> _What the task asks_
Beginning with the line of the entries below that holds "นอกจากนี้ ยังจัดโปรโมชันสุดคุ้มตลอดเดือนสิงหาคม ซังซัง" and ending with the line that holds "The screens in", transcribe each line exactly as written. Pictures stay out.

> _Data for the task_
>>

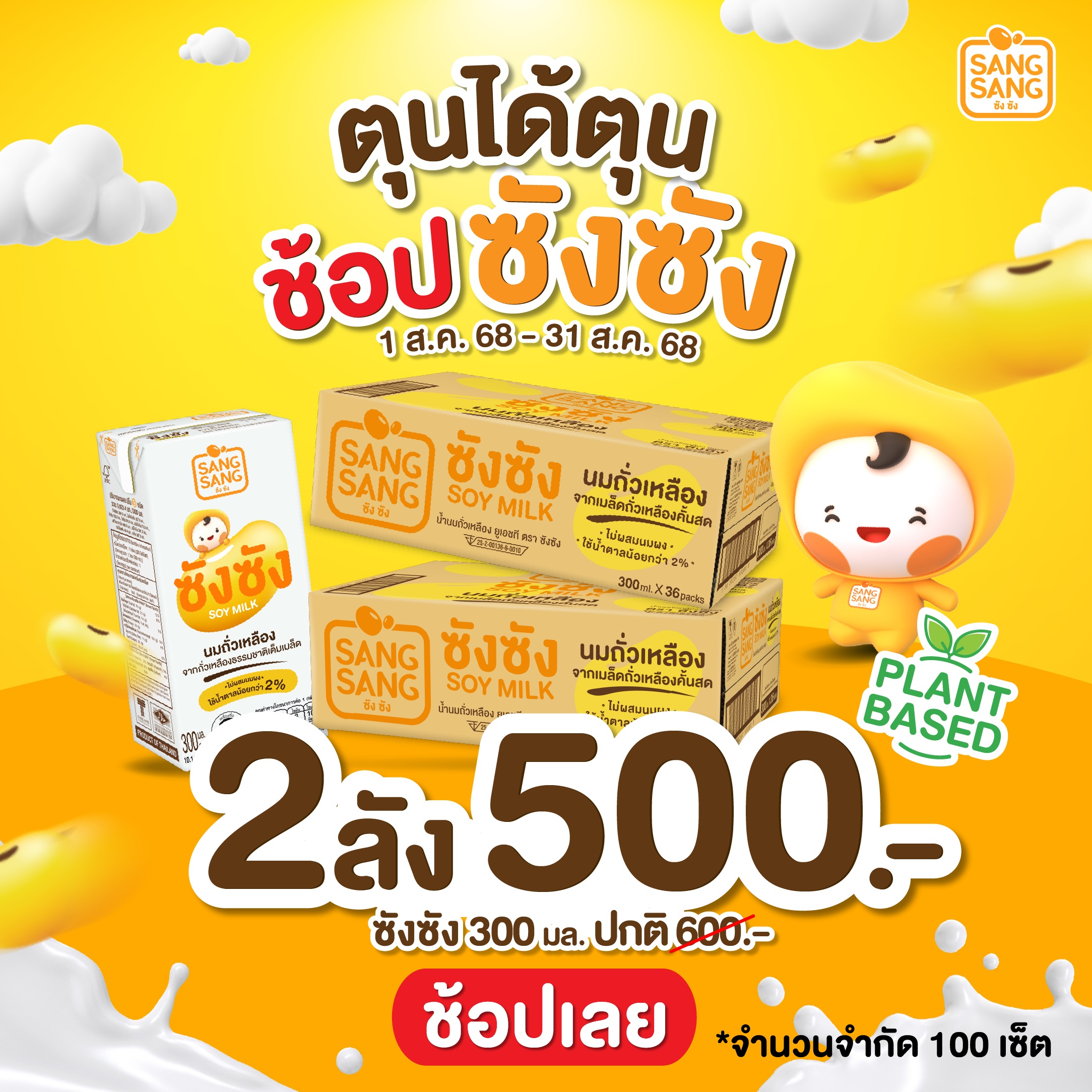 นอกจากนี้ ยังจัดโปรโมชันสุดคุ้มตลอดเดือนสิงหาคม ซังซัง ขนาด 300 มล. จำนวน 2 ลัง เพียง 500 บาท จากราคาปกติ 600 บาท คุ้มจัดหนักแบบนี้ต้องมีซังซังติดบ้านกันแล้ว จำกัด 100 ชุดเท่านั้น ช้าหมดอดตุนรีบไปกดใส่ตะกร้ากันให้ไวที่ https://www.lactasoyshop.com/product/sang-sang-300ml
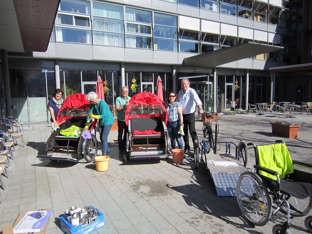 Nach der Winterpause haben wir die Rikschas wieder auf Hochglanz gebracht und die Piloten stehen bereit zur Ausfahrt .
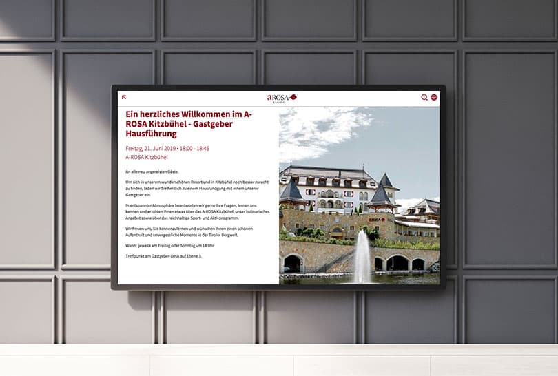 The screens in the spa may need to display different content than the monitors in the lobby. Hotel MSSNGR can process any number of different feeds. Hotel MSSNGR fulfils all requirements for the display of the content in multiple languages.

<<
>>

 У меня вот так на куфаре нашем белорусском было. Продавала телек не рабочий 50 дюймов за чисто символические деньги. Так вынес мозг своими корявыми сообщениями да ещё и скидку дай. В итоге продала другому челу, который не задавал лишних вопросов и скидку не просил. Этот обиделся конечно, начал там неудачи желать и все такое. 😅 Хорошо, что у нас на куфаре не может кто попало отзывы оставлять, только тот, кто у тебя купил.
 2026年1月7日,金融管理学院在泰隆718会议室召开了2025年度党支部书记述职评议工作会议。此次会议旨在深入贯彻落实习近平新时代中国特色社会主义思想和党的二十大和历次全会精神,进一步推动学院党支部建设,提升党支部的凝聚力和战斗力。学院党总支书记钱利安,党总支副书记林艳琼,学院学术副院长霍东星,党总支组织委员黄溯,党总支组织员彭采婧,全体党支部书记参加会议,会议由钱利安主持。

<<
>>

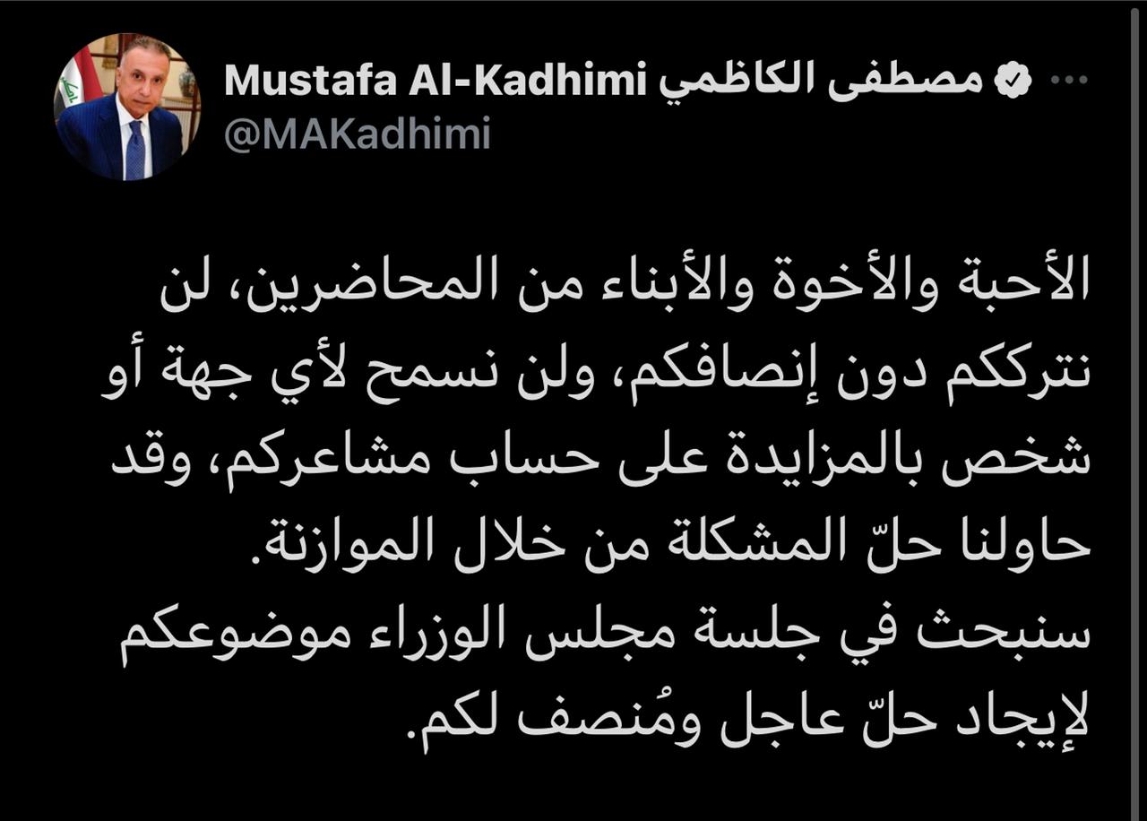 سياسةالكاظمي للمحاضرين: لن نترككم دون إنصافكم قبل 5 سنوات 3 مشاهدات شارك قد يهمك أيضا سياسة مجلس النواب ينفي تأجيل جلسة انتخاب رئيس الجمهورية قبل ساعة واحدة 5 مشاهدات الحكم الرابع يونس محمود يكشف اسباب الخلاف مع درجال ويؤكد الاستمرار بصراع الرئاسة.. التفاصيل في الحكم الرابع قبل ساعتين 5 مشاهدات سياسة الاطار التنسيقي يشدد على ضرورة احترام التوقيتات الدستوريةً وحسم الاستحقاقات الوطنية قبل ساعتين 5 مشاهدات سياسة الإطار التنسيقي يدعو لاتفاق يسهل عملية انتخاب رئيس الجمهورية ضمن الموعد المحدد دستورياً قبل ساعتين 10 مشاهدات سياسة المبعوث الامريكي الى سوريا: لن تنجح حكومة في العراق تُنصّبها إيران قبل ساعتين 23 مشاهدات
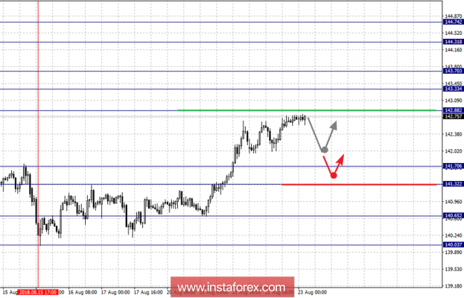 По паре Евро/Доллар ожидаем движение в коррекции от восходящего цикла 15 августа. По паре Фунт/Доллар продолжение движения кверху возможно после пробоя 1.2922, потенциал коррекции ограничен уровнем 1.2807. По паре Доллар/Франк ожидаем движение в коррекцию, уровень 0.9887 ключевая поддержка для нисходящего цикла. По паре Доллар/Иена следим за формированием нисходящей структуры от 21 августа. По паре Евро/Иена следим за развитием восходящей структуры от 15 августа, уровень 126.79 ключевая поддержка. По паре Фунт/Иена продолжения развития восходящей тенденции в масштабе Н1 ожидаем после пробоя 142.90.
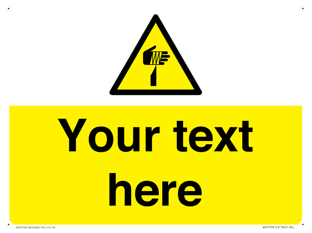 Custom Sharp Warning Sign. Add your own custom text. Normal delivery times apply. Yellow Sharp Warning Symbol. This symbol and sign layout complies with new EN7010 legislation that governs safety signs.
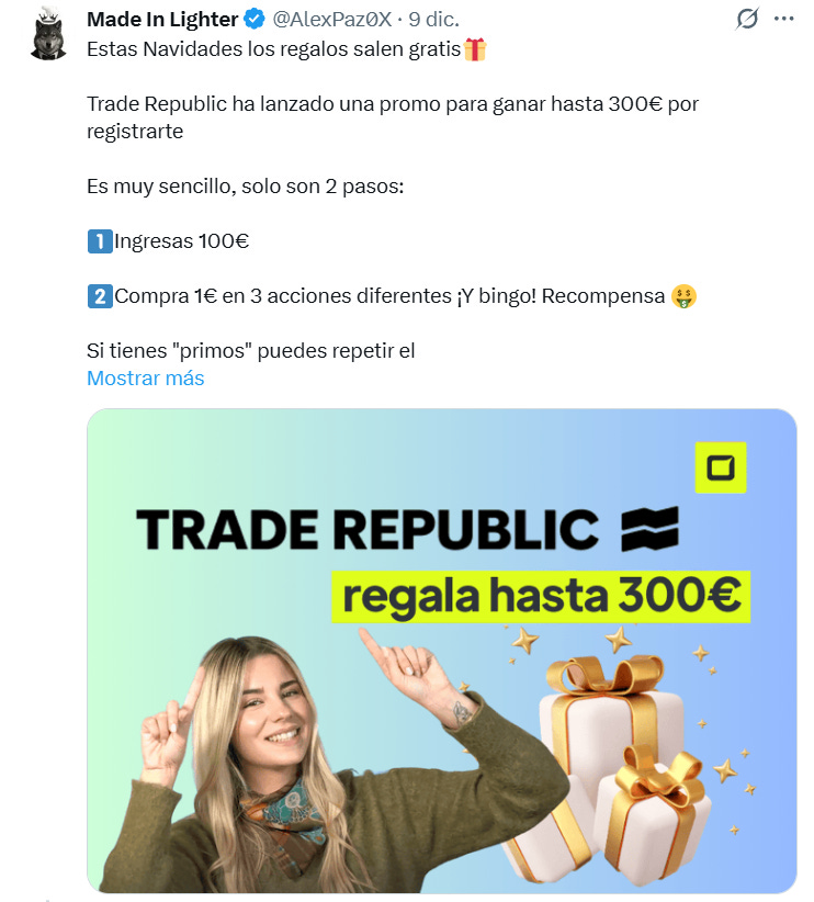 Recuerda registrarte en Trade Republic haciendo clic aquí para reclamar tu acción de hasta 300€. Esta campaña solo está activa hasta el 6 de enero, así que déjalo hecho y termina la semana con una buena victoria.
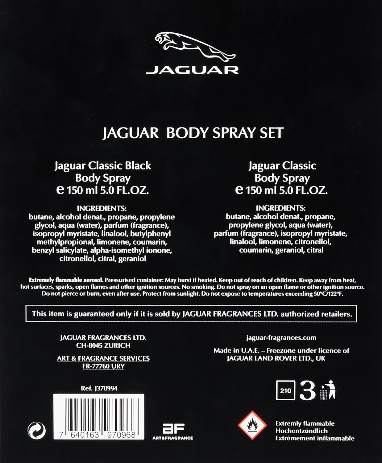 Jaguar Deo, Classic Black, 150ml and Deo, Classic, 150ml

<<

> _Response to the exercise_
 นอกจากนี้ ยังจัดโปรโมชันสุดคุ้มตลอดเดือนสิงหาคม ซังซัง ขนาด 300 มล. จำนวน 2 ลัง เพียง 500 บาท จากราคาปกติ 600 บาท คุ้มจัดหนักแบบนี้ต้องมีซังซังติดบ้านกันแล้ว จำกัด 100 ชุดเท่านั้น ช้าหมดอดตุนรีบไปกดใส่ตะกร้ากันให้ไวที่ https://www.lactasoyshop.com/product/sang-sang-300ml
 Nach der Winterpause haben wir die Rikschas wieder auf Hochglanz gebracht und die Piloten stehen bereit zur Ausfahrt .
 The screens in the spa may need to display different content than the monitors in the lobby. Hotel MSSNGR can process any number of different feeds. Hotel MSSNGR fulfils all requirements for the display of the content in multiple languages.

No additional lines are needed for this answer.